Extract YouTube Transcripts via Google Sheets or API Webhook

1. Workflow Overview

This workflow enables automated extraction of YouTube video transcripts using two distinct input methods: monitoring a Google Sheet for new YouTube URLs, and receiving direct API requests via a webhook. It leverages the YouTube Transcript API to fetch transcripts along with rich video metadata. The workflow is designed for use cases such as content creation, research, SEO analysis, accessibility improvements, and transcript database generation.

The workflow is organized into two main logical blocks:

  • 1.1 Google Sheets Automated Processing: Watches a Google Sheet named "urls" for newly added YouTube video URLs, extracts the video ID, calls the transcript API, parses the transcript text, and appends the results (video title and transcript) back to another sheet named "transcripts".

  • 1.2 Webhook Direct Processing: Exposes an HTTP POST webhook endpoint to receive a YouTube URL, extract its video ID, fetch and parse the transcript and metadata, then respond immediately with a structured JSON containing the transcript and video details.

Both blocks share similar internal logic for video ID extraction, transcript fetching, and parsing, but differ in input and output mechanisms.

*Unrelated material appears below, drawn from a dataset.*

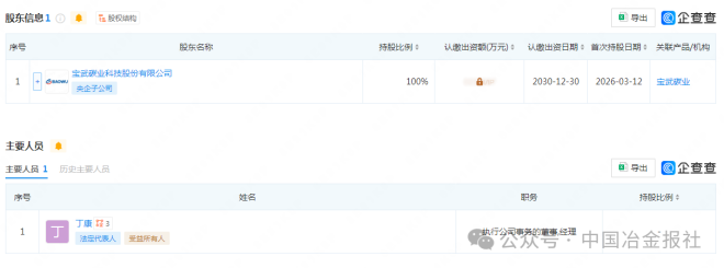 企查查官網顯示,寶武碳業科技(南京)有限公司於2026年3月12日成立,注冊資本為18000萬元,法定代表人為丁康,所屬集團為中國寶武集團。

2. Block-by-Block Analysis

2.1 Google Sheets Automated Processing

  • Overview:
    This block continuously monitors a specific Google Sheet for newly added YouTube URLs. When a new URL is detected, the workflow extracts the video ID, calls the YouTube Transcript API, parses the returned transcript, and appends the transcript and video title back to another sheet for record-keeping.

  • Nodes Involved:

    • Monitor Google Sheet for URLs
    • Extract YouTube Video ID (Sheets)
    • Fetch Video Transcript Data (Sheets)
    • Parse Transcript Text (Sheets)
    • Save Transcript to Sheet
    • Sheets Workflow Note (sticky note)
    • Main Template Explanation (sticky note)
  • Node Details:

    1. Monitor Google Sheet for URLs

      • Type: Google Sheets Trigger
      • Role: Watches the "urls" sheet for new rows added every minute.
      • Configuration:
        • Event: rowAdded
        • Poll interval: every minute
        • Document & Sheet IDs must be set by user (Google Sheets OAuth2 credentials required).
      • Input: None (trigger node)
      • Output: JSON containing new row data, including the "url" field.
      • Edge cases:
        • API quota limits or auth token expiry could cause trigger failure.
        • Missing or malformed URLs in the sheet rows.
    2. Extract YouTube Video ID (Sheets)

      • Type: Code node (JavaScript)
      • Role: Parses various YouTube URL formats (youtube.com, youtu.be, embed) to extract the video ID.
      • Key code: Regex matching v=, youtu.be/, or embed/ followed by the video ID string.
      • Input: JSON with url field from previous node.
      • Output: JSON with url, extracted videoId, and a success boolean indicating extraction success.
      • Edge cases:
        • Invalid or missing URL returns videoId=null and success=false.
        • Regex may fail with uncommon URL formats or URL parameters.
    3. Fetch Video Transcript Data (Sheets)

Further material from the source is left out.